In this fifth installment of our continuing series examining reconstruction cost increases during the 2012–2016 housing recovery, we take a closer look at trends in the South. This region experienced the nation’s slowest rate of cost increases—with one very notable outlier.
Washington, D.C.—moving fast in the slow-growing South
Coming in at an average annual rate of 2.6 percent, the South ranked lowest overall in the nation in reconstruction cost increases during the years spanning 2012–2016. But then it grew faster in terms of material composite costs in 2016.
South Atlantic, East South Central, and West South Central states
The South is divided into three subregions: South Atlantic (District of Columbia, Delaware, Maryland, Virginia, North Carolina, South Carolina, Georgia, and Florida); East South Central (Kentucky, Tennessee, Mississippi, and Alabama); and West South Central (Arkansas, Louisiana, Oklahoma, and Texas). Within this region and in the United States overall, Washington, D.C., led in reconstruction cost increases over the five-year period, at 4.3 percent. Indeed, during the period, the U.S. capital had the distinction of holding the record for highest reconstruction cost growth in the nation.

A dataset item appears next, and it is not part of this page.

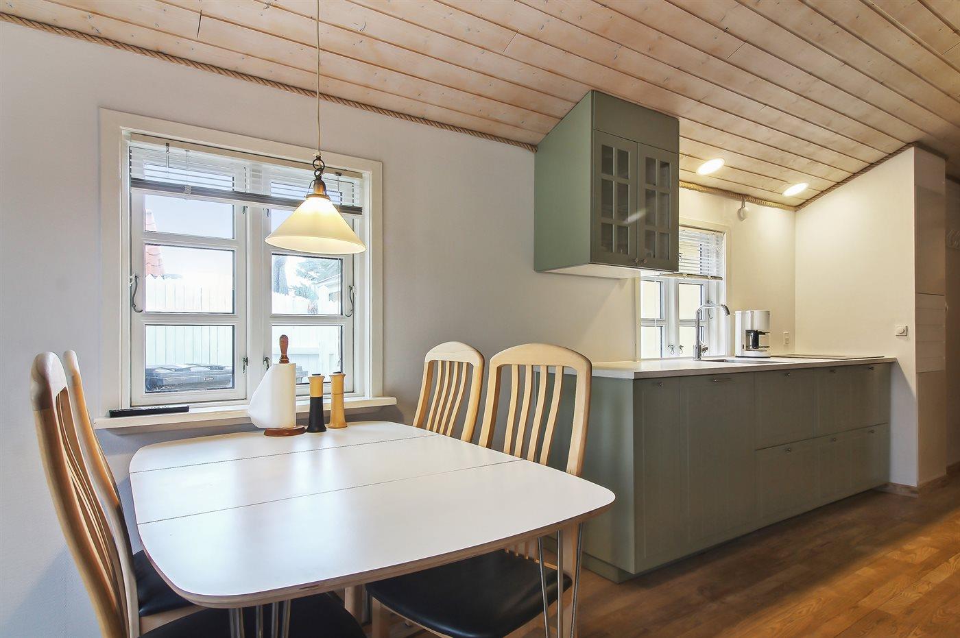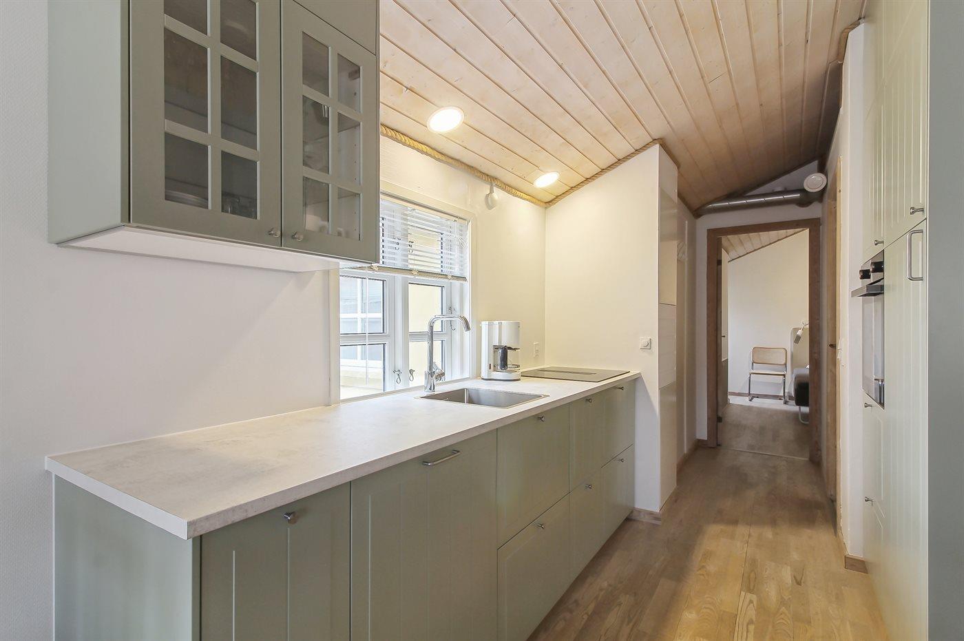 Køkkenet er udstyret med 1 køleskab. Der er 4 induktionskogeplader, varmluftovn samt opvaskemaskine.

In the East South Central subregion, Kentucky and Tennessee grew at 2.6 percent, while Mississippi and Alabama grew at a 2 percent average annual growth rate. In the South Atlantic subregion, Maryland and Delaware grew at an average annual rate of 3.2 percent. Virginia, South Carolina, and Georgia recorded an average annual growth rate of 2.7 percent. North Carolina grew at 2 percent. Florida experienced a 1.8 percent average annual increase, which was the lowest growth rate in the nation. Meanwhile, the West South Central subregion underwent minimal change during the period.
D.C. remains an anomaly
In real estate, it’s all about location. And the location of Washington, D.C., at the nation’s political epicenter makes living there expensive. In fact, recent news headlines suggest that D.C. has some of the priciest residential real estate in the country. As a result, there’s a perpetual need for housing, and this need—coupled with an increase in construction activity to meet market demand—continues to drive reconstruction cost growth in the capital city.
The data used for this analysis comes from Verisk’s 360Value® database, which is compiled by Xactware. Xactware uses a research process that tracks costs from tens of thousands of contractors and claims adjusters, extensive material and labor cost surveys, and an analysis of more than 5 million actual damage repair estimates for claims each year.